It is known, that antigradient $-\nabla f (x_0)$ is the direction of the steepest descent of the function $f(x)$ at point $x_0$. However, we can introduce another concept for choosing the best direction of function decreasing.

Given $f(x)$ and a point $x_0$. Define $B_\varepsilon(x_0) = \{x \in \mathbb{R}^n : d(x, x_0) = \varepsilon^2 \}$ as the set of points with distance $\varepsilon$ to $x_0$. Here we presume the existence of a distance function $d(x, x_0)$.

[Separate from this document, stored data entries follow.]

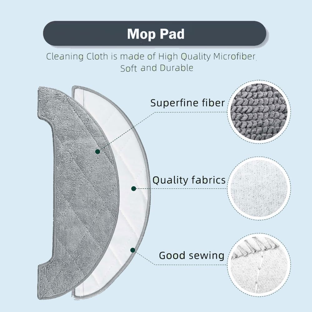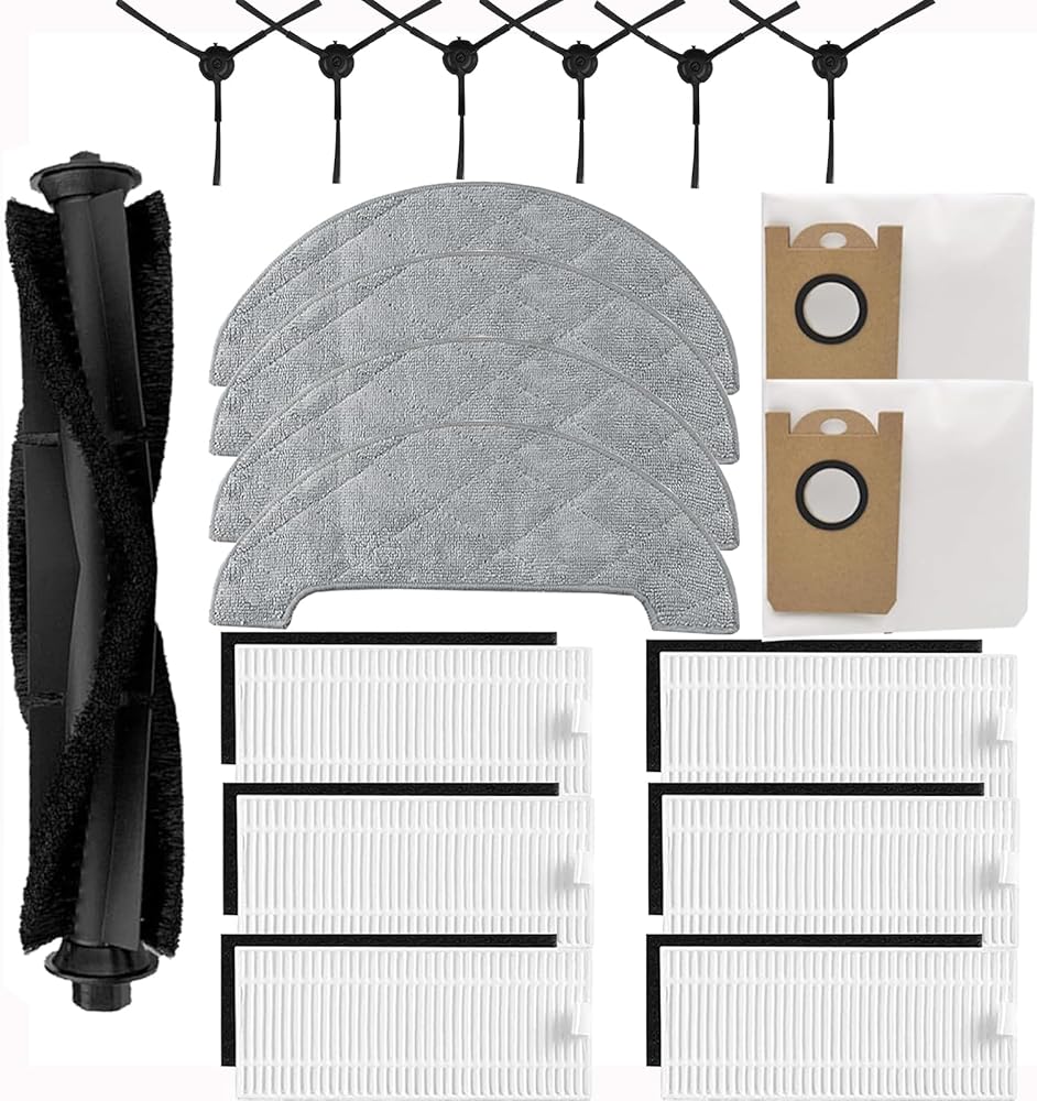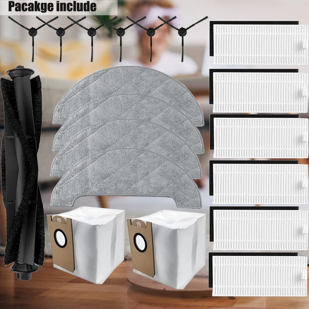 【Complete Accessories Kit】Replacement parts comes with 1× Main Brushes, 6× Side Brushes, 6× HEPA Filters, 4× Mop Pads, 2.× Dust Bags
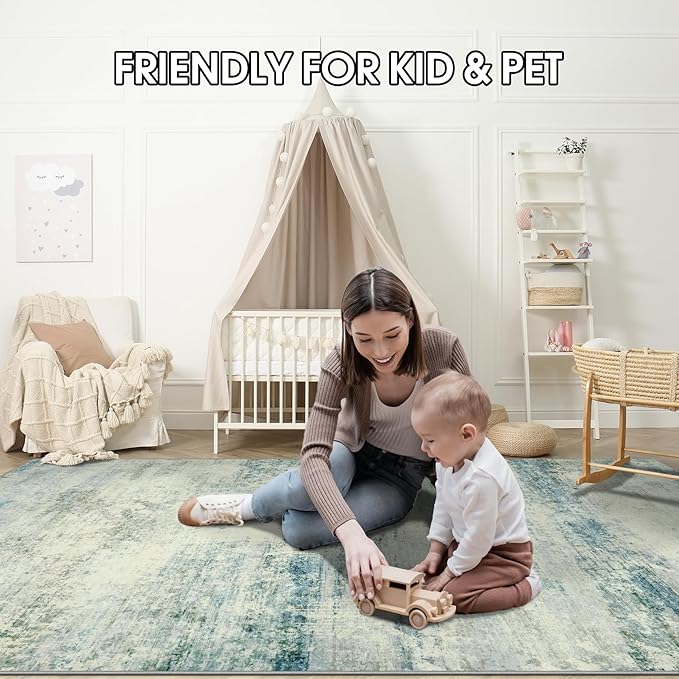 - 【Safety Non-Slip Rug】Area rugs 9x12 are designed with a specialized upgrade TPE backing, the non-slip bottom is made well and does a relatively good job of keeping the rug in place, preventing any accidents slips, trips, and falls, suitable for high-traffic areas or homes with children, elderly individuals, or pets.
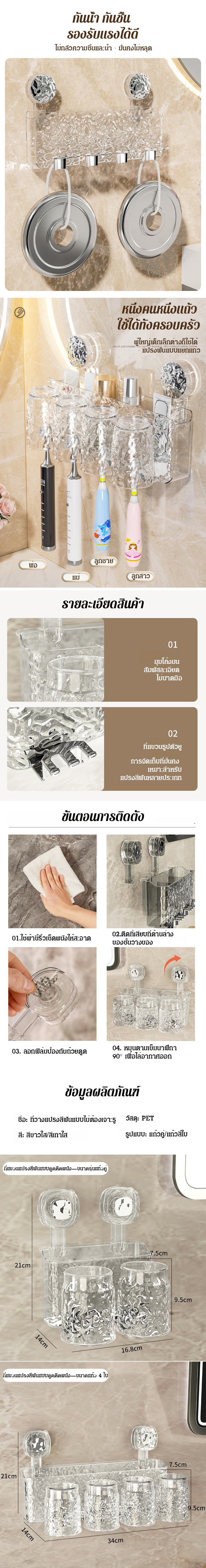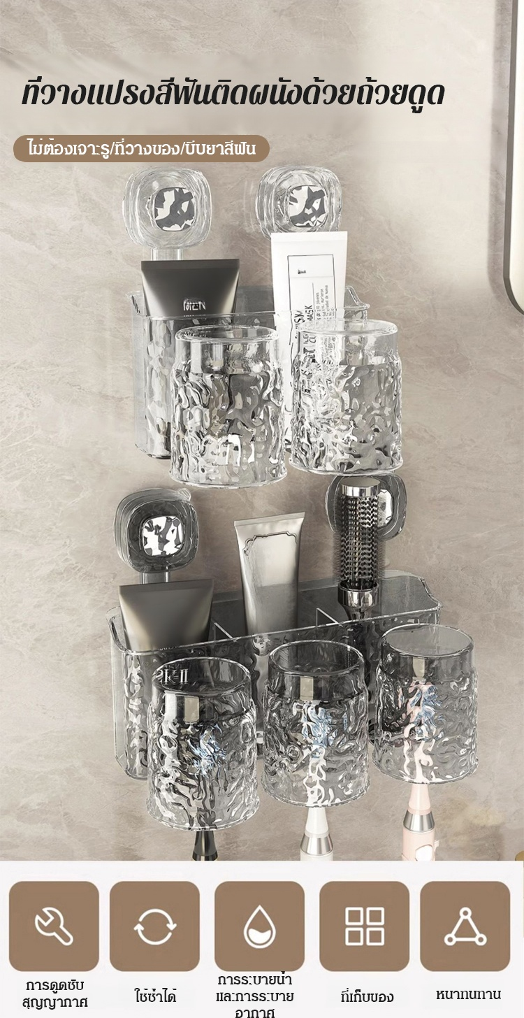 ที่วางแปรงสีฟันติดผนังแบบไม่ต้องเจาะรู
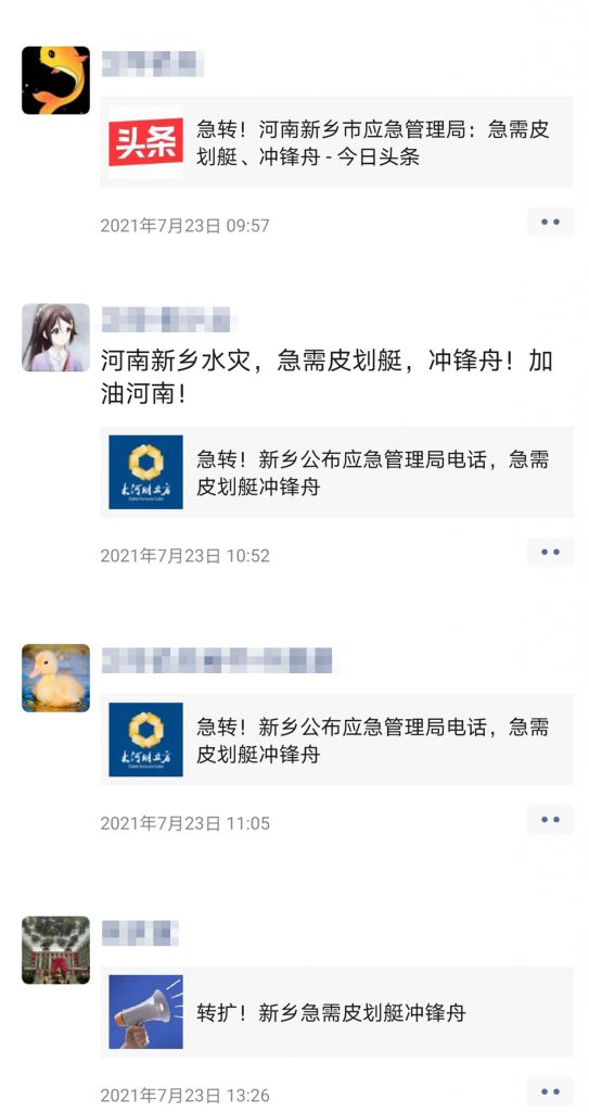 “转扩,新乡急需皮划艇冲锋舟!”“新乡市寺庄顶村已被洪水淹没,急需救援!”7月23日,朋友圈里一则则求救信息,令人揪心!
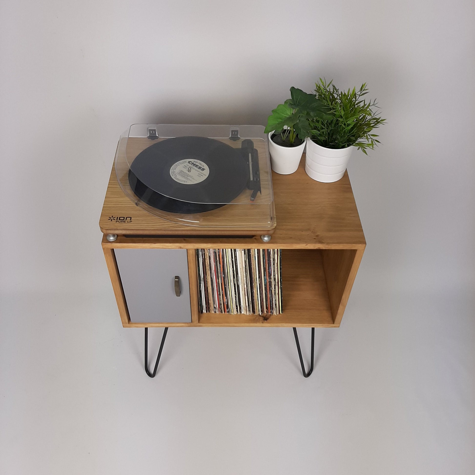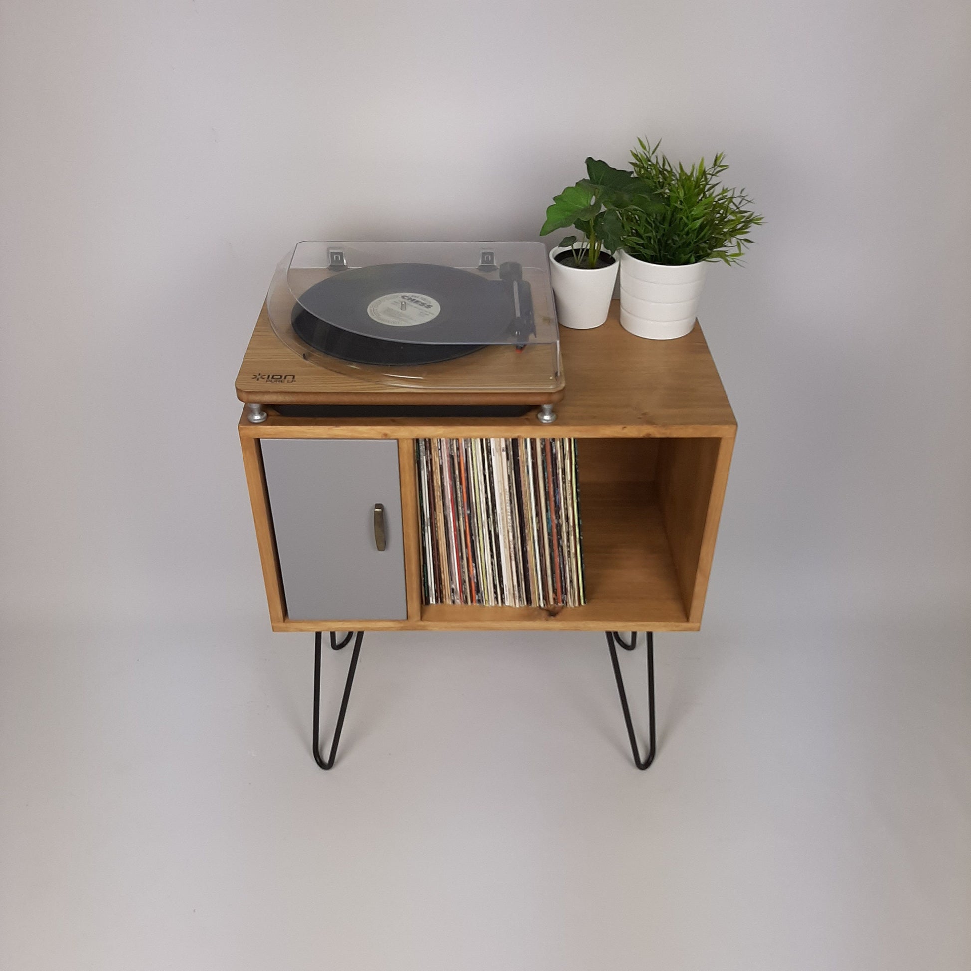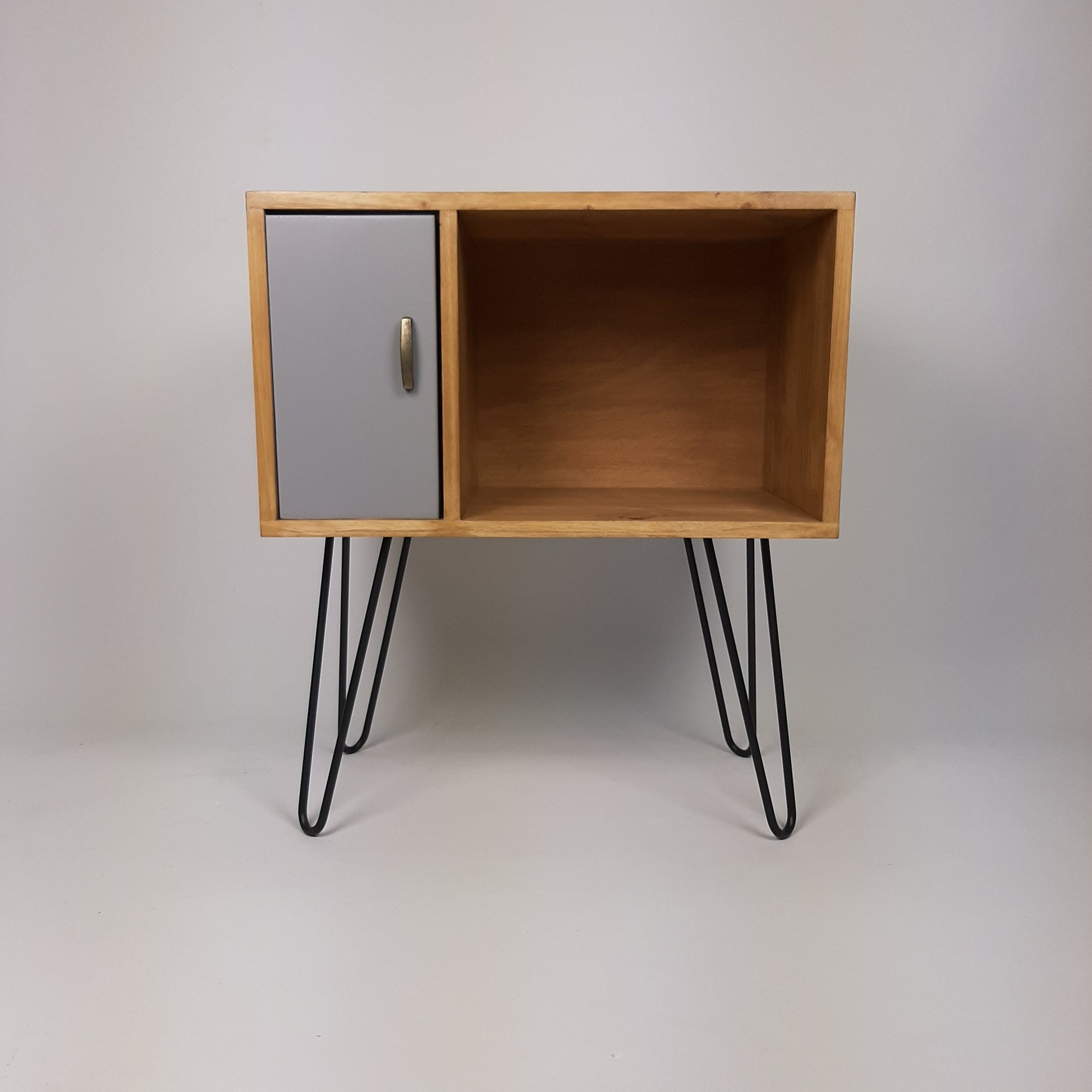 Our stylish, modern side board/media table is designed to hold vinyl records but is also perfect as a living room sideboard, media console or even drinks cabinet. With clean lines it is inspired by mid century Danish minimalist furniture but with a unique modern twist. The hairpin legs are brass coated solid steel made in the UK. The pearl grey door is hand-painted and varnished.
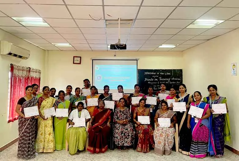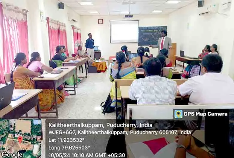 On 10th & 11th May 2024, Faculty Development Programme on “Leveraging AI tools in Higher Education” was organized at Seminar Hall, SMVNC. DR. Vimal Jerald, Asst. Prof, St. Joseph’s College, Tiruchirapalli, facilitated the sessions benefitting around 30 SMVNC faculties & 10 MNC faculties.
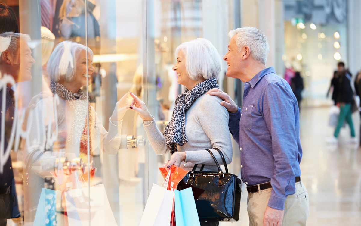 älteres Paar mit Tragetaschen im Einkaufszentrum

$x^* = \text{arg}\min_{x \in B_\varepsilon(x_0)} f(x)$

Than, we can define another steepest descent direction in terms of minimizer of function on a sphere:

$s = \lim_{\varepsilon \to 0} \frac{x^* - x_0}{\varepsilon}$

Let us assume that the distance is defined locally by some metric $A$:

$d(x, x_0) = (x-x_0)^\top A (x-x_0)$

Let us also consider first order Taylor approximation of a function $f(x)$ near the point $x_0$:

$\tag{A1} f(x_0 + \delta x) \approx f(x_0) + \nabla f(x_0)^\top \delta x$

Now we can explicitly pose a problem of finding $s$, as it was stated above.

$\begin{split} &\min_{\delta x \in \mathbb{R^n}} f(x_0 + \delta x) \\ \text{s.t.}\;& \delta x^\top A \delta x = \varepsilon^2 \end{split}$

Using $\text{(A1)}$ it can be written as:

$\begin{split} &\min_{\delta x \in \mathbb{R^n}} \nabla f(x_0)^\top \delta x \\ \text{s.t.}\;& \delta x^\top A \delta x = \varepsilon^2 \end{split}$

Using Lagrange multipliers method, we can easily conclude, that the answer is:

$\delta x = - \frac{2 \varepsilon^2}{\nabla f (x_0)^\top A^{-1} \nabla f (x_0)} A^{-1} \nabla f$

Which means, that new direction of steepest descent is nothing else, but $A^{-1} \nabla f(x_0)$.

Indeed, if the space is isotropic and $A = I$, we immediately have gradient descent formula, while Newton method uses local Hessian as a metric matrix.